I love the smell of schools. That combination of pencils and chalk (though these days it’s more often paper and dry erase pens). I always enjoyed school and, even today as a teacher, although I don’t work in schools all the time, when I walk in and smell those smells they remind me of when I was in grade two or three and how exciting the first day of school was after the summer vacation.

Mine are very down to earth, coffee, bread and onions. I also love the perfume of roses and like Marie I love Yardley’s Lavender soap, although I can’t use soap due to eczema.
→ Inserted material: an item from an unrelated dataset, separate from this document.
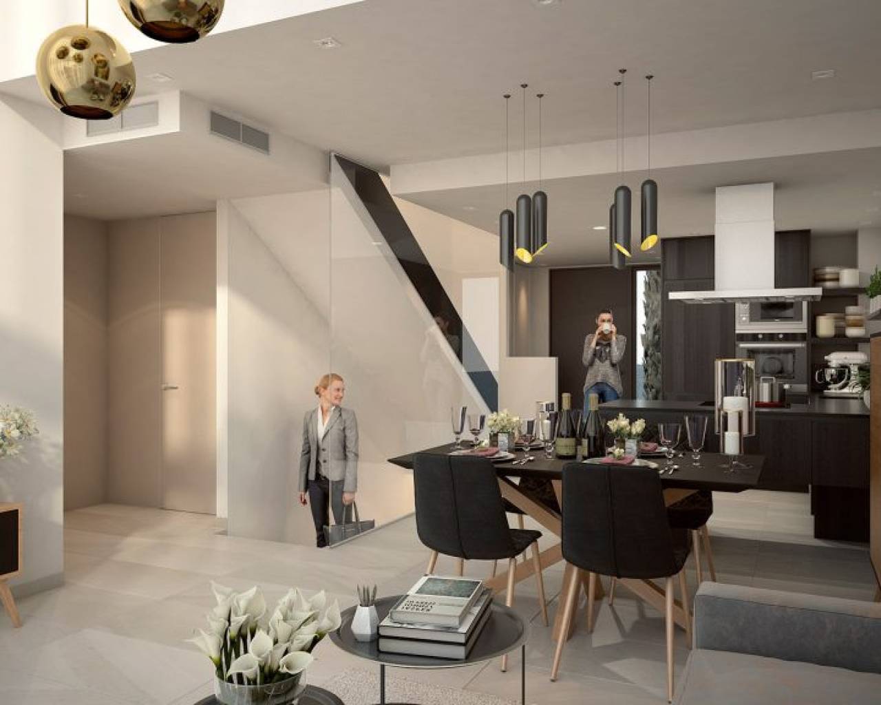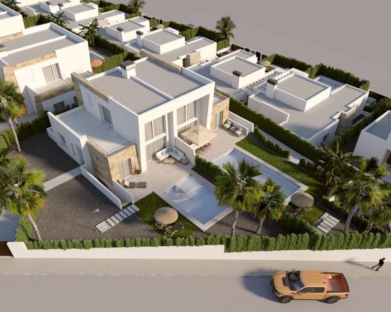 Estas magníficas casas adosadas se encuentran en nuestra nueva urbanización Mar Egeo, ubicada en una de las zonas más exclusivas y privilegiadas de la Costa Blanca Sur, rodeada de naturaleza y tranquilidad. Esta impresionante casa de dos plantas ofrece un diseño perfectamente organizado, pensado para proporcionar comodidad y funcionalidad en cada uno de sus espacios. En la primera planta, se encuentra un luminoso salón que conecta con el comedor y la cocina con barra de desayuno, creando un ambiente amplio para recibir a familiares y amigos. Desde el salón accedemos a un gran jardín con piscina privada. También cuenta con dos dormitorios y un baño completamente equipado con lavabo, espejo, mampara de ducha y calefacción por suelo radiante para mayor comodidad. En la segunda planta se encuentra el dormitorio principal con vistas panorámicas al exterior, baño privado y acceso al solárium. Además, cada dormitorio incluye grandes armarios para maximizar el espacio de almacenamiento. Este modelo de vivienda ofrece 2 opciones, Leros y Leros Plus, siendo esta última con un gran sótano. En resumen, esta vivienda presenta un diseño inteligente y equilibrado, perfecto para acomodar a una gran familia en un solo espacio sin sacrificar comodidad y estilo.

Take me to a vegetable market and I am happy, the smell of fresh vegetables are evocative of my young days as my Dad grew most of our vegetables, and it is citrus season here and the citrussy smell from small roadside stalls and markets is marvellous.

The strangest thing about Larry saying that is that he’s NOT the first one to say that. Originally, it was Billy Berg.

In the round table discussion I watched, Larry wasn’t claiming credit for saying it, just relating the anecdote.

This is an offense punishable by lethal injection in some countries.

Only in developed Western democracies. In the third world the punishment is much less humane. As it should be. Wonderful, wonderful.

Don’t you mean “Wunnerful, wunnerful!” ?:wink:

Actually yes, but my fingers just flat refused to type it.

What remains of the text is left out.